However, CRISPR-Cas9 technology carries inherent limitations that constrain its therapeutic potential. The primary concern remains off-target effects, which may lead to unintended genomic modifications with potential consequences including the dysregulation of critical genes or the activation of oncogenic pathways [220]. Furthermore, the irreversible nature of gene editing raises unresolved questions regarding long-term genomic stability and cellular homeostasis [220]. From a therapeutic perspective, compensatory upregulation of alternative ABC transporters in tumor cells may circumvent ABCB1 knockout, potentially leading to multidrug resistance recurrence [221,222]. These challenges underscore the need for substantial improvements in editing specificity and safety profiles before clinical translation can be realized.
AAV Delivery
Viral vectors, particularly adeno-associated viruses (AAVs) and lentiviruses, have emerged as promising platforms for overcoming the BBB in gene therapy, though significant challenges remain. Recent advances in capsid engineering have yielded particularly impressive results. Qin Huang et al. developed BI-hTFR1, an AAV variant that specifically binds to a human transferrin receptor (TFR1) expressed at the BBB [201]. This engineered vector demonstrates remarkable efficiency, showing 40–50 fold greater CNS reporter expression in human TFRC knockin mice compared to conventional AAV9. When delivering the Parkinson’s disease-associated GBA1 gene, BI-hTFR1 significantly enhanced glucocerebrosidase activity in both brain tissue and cerebrospinal fluid, highlighting its potential for human CNS gene therapy applications.

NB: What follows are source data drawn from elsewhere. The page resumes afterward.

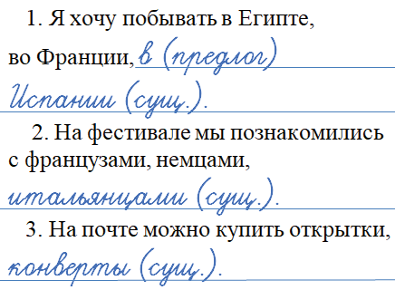 1. Я хочу побывать в Египте, во Франции, ... . 2. На фестивале мы познакомились с французами, немцами, ... . 3. На почте можно купить открытки, ... .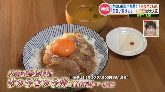 名物は、大分の郷土料理「りゅうきゅう丼」。新鮮な魚を特製ダレにしっかりと漬け込み、すり胡麻で香ばしさを引き立てた刺身は、ご飯との相性も抜群です!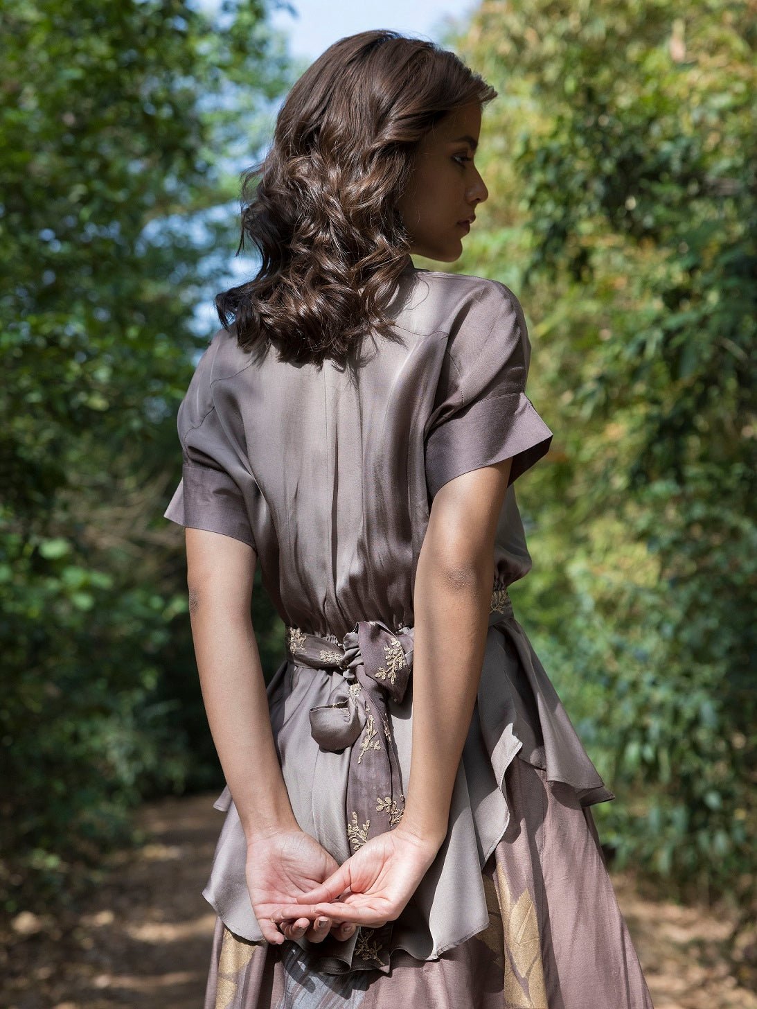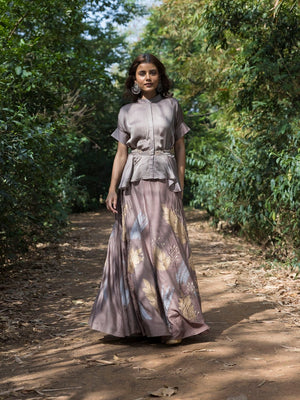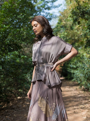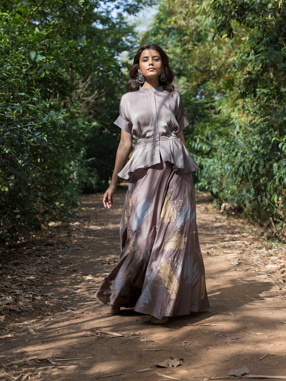 Beautiful and contemporary grey hand painted contemporary skirt set. Shop online from Pure Elegance.

Other engineered AAV variants, including AAV9-derived serotypes such as AAV.CAP-Mac and AAV.CAP-B10, demonstrate enhanced BBB penetration through directed evolution or capsid modifications. Notably, AAV.CAP-Mac was selected via high-throughput screening and exhibits superior BBB traversal compared to wild-type AAV in primates [223], while AAV.CPP.16/21 incorporates targeting peptides to significantly enhance parenchymal transduction efficiency [224]. Additional variants like AAV.PHP.eB have also shown promising systemic administration-mediated brain transduction in non-human primates [225,226].
While lentiviral vectors can bypass the BBB through strategies like ApoEII peptide fusion or intranasal delivery [227,228], their BBB penetration efficiency remains substantially inferior to optimized AAV vectors. This performance gap highlights the need for further engineering of lentiviral systems to improve their CNS delivery capabilities.

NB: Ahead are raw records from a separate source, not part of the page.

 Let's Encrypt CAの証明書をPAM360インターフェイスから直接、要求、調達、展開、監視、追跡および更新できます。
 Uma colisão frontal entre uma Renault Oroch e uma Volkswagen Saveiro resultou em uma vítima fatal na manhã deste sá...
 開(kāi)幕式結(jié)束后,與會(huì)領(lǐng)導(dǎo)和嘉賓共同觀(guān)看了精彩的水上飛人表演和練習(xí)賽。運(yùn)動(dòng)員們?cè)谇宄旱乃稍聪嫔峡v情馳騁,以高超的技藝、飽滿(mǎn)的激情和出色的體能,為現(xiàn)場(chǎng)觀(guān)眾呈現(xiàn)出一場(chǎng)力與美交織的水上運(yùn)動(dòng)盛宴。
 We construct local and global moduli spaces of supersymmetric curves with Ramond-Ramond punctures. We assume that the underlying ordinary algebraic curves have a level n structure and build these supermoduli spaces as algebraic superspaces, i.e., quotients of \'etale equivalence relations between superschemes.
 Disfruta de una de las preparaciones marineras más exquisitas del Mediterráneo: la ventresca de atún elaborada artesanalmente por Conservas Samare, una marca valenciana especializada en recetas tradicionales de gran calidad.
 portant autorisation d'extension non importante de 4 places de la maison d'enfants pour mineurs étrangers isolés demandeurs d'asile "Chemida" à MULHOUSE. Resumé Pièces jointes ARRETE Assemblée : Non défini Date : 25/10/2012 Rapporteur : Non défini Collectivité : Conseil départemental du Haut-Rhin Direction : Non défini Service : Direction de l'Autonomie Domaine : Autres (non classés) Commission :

Despite considerable progress, viral vector-based gene therapy for central nervous system disorders continues to face several critical barriers. Key limitations include immune-related challenges and insufficient targeting specificity, which may compromise therapeutic efficacy while potentially increasing safety risks [229]. Furthermore, pronounced interspecies variations in BBB penetration efficiency [223,226] and the inherent dose-toxicity dilemma [230] present substantial obstacles for clinical translation.

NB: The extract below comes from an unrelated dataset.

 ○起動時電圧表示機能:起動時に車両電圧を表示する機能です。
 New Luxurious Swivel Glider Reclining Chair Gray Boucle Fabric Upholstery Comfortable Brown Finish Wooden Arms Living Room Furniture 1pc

To address these challenges, next-generation strategies should focus on developing innovative hybrid delivery platforms (e.g., AAV–exosome composite vectors) [231] and exploring alternative administration routes such as intranasal delivery [232]. However, successful clinical implementation will ultimately depend on resolving persistent issues regarding technical complexity and establishing comprehensive long-term safety profiles. Overcoming these barriers represents the crucial next step toward achieving meaningful therapeutic breakthroughs in neurological gene therapy.
Collectively, these multifaceted approaches—from molecular pathway modulation and advanced drug delivery systems to cutting-edge cellular and gene therapies—represent a promising frontier in overcoming BBB challenges, offering new hope for treating neurological disorders by either repairing barrier integrity or circumventing its restrictive nature (Figure 3).

6. Future Perspectives

The mechanism of the BBB in neurological diseases and the impact of its changes on the central nervous system microenvironment are the focal points of current research. However, many questions remain unanswered regarding the specific changes in the BBB in disease and its effect on disease progression.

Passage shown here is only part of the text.